** SOURCE DATA **
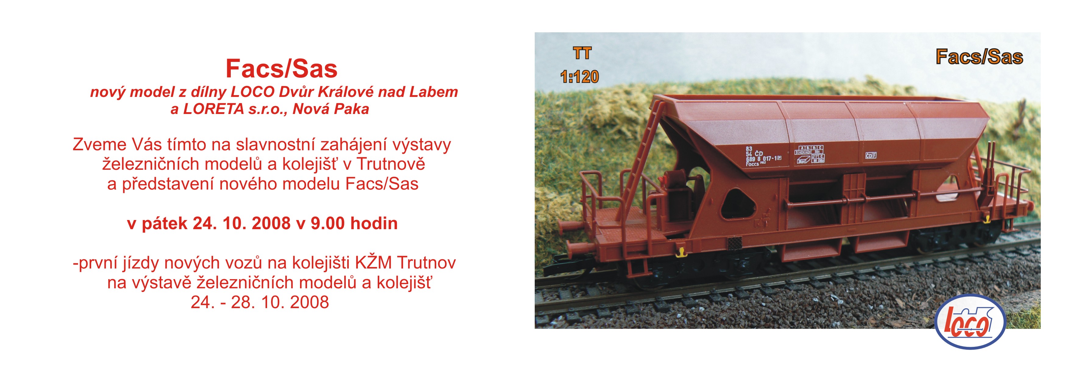 vystava_trutnov.jpg plakát k této akci trutnov_poznavka.jpg pozvánka na slavnostní zahájení výstavy s představením nového vozu Facs/Sas firmy Loco KŽM Trutnov webové stránky klubu Loco malosériový výrobce železničních modelů a příslušenství TT Tillig hlavní výrobce železničních modelů TT Auhagen výrobce doplňků pro železniční modelářství, převážně staveb a příslušenství pro stavbu krajiny VERAMO CZ trutnovský prodejce příslušenství modelové železnice, který měl na výstavě svůj stánek k032.pdf jízdní řád trati Jaroměř - Trutnov k045.pdf jízdní řád trati Trutnov - Svoboda nad Úpou, dopravce Viamont, a.s. |
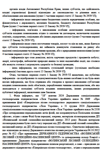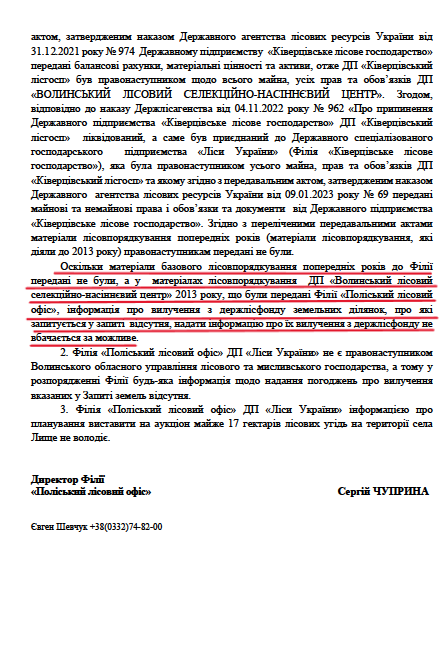 «Оскільки матеріали базового лісовпорядкування попередніх років до Філії передані не були, а у матеріалах лісовпорядкування ДП «Волинський лісовий селекційно-насіннєвий центр» 2013 року, що були передані Філії «Поліський лісовий офіс», інформація про вилучення з держлісфонду земельних ділянок, про які запитується у запиті відсутня, надати інформацію про їх вилучення з держлісфонду не вбачається за можливе», – йдеться у відповіді за підписом керівника Поліського лісового офісу Сергія Чуприни.
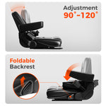 - Adjustable design: The universal seat features multi-adjustable parts. tractor seats are humanized and streamlined to support your back, which can be adjusted in the range of 90° to 120 °to relieve back pressure.The armrests are adjustable 0-90°. The adjustable design can meet the requirements of different users.
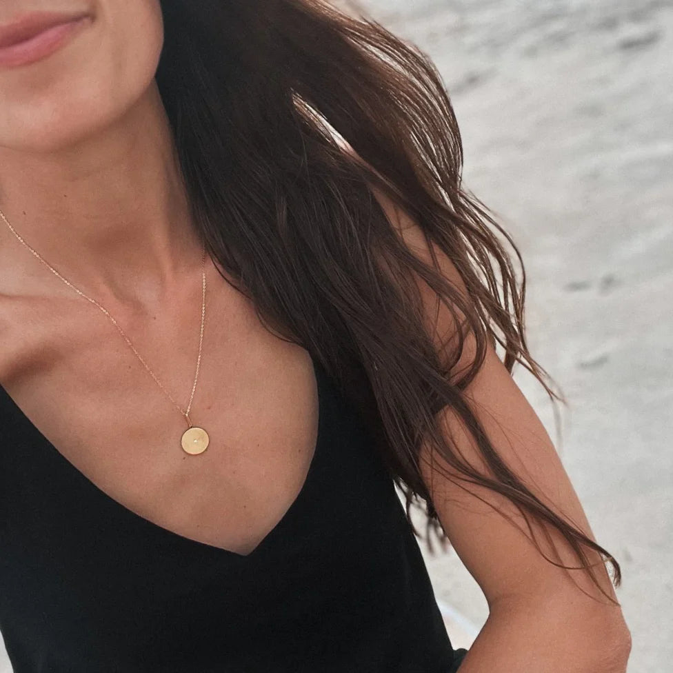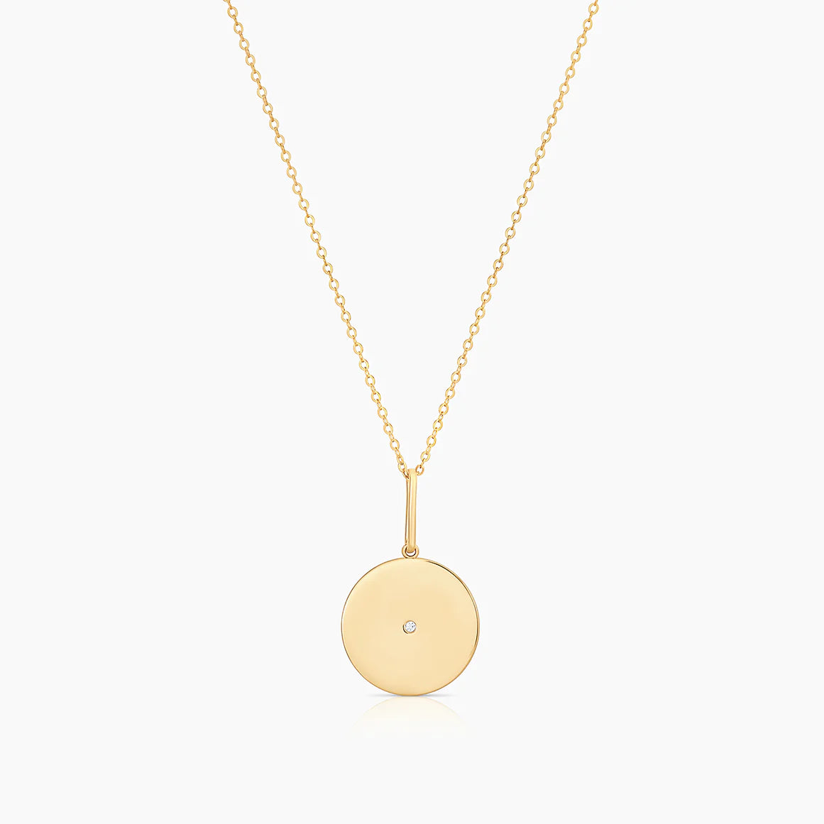 14k Fine Full Circle Coin Necklace with Diamond | SS

** EXERCISE PROMPT **
Before handing back the copy, remove the pictures; otherwise print the data exactly.

** RESPONSE AREA **
 vystava_trutnov.jpg plakát k této akci trutnov_poznavka.jpg pozvánka na slavnostní zahájení výstavy s představením nového vozu Facs/Sas firmy Loco KŽM Trutnov webové stránky klubu Loco malosériový výrobce železničních modelů a příslušenství TT Tillig hlavní výrobce železničních modelů TT Auhagen výrobce doplňků pro železniční modelářství, převážně staveb a příslušenství pro stavbu krajiny VERAMO CZ trutnovský prodejce příslušenství modelové železnice, který měl na výstavě svůj stánek k032.pdf jízdní řád trati Jaroměř - Trutnov k045.pdf jízdní řád trati Trutnov - Svoboda nad Úpou, dopravce Viamont, a.s. |
 «Оскільки матеріали базового лісовпорядкування попередніх років до Філії передані не були, а у матеріалах лісовпорядкування ДП «Волинський лісовий селекційно-насіннєвий центр» 2013 року, що були передані Філії «Поліський лісовий офіс», інформація про вилучення з держлісфонду земельних ділянок, про які запитується у запиті відсутня, надати інформацію про їх вилучення з держлісфонду не вбачається за можливе», – йдеться у відповіді за підписом керівника Поліського лісового офісу Сергія Чуприни.
 - Adjustable design: The universal seat features multi-adjustable parts. tractor seats are humanized and streamlined to support your back, which can be adjusted in the range of 90° to 120 °to relieve back pressure.The armrests are adjustable 0-90°. The adjustable design can meet the requirements of different users.
 14k Fine Full Circle Coin Necklace with Diamond | SS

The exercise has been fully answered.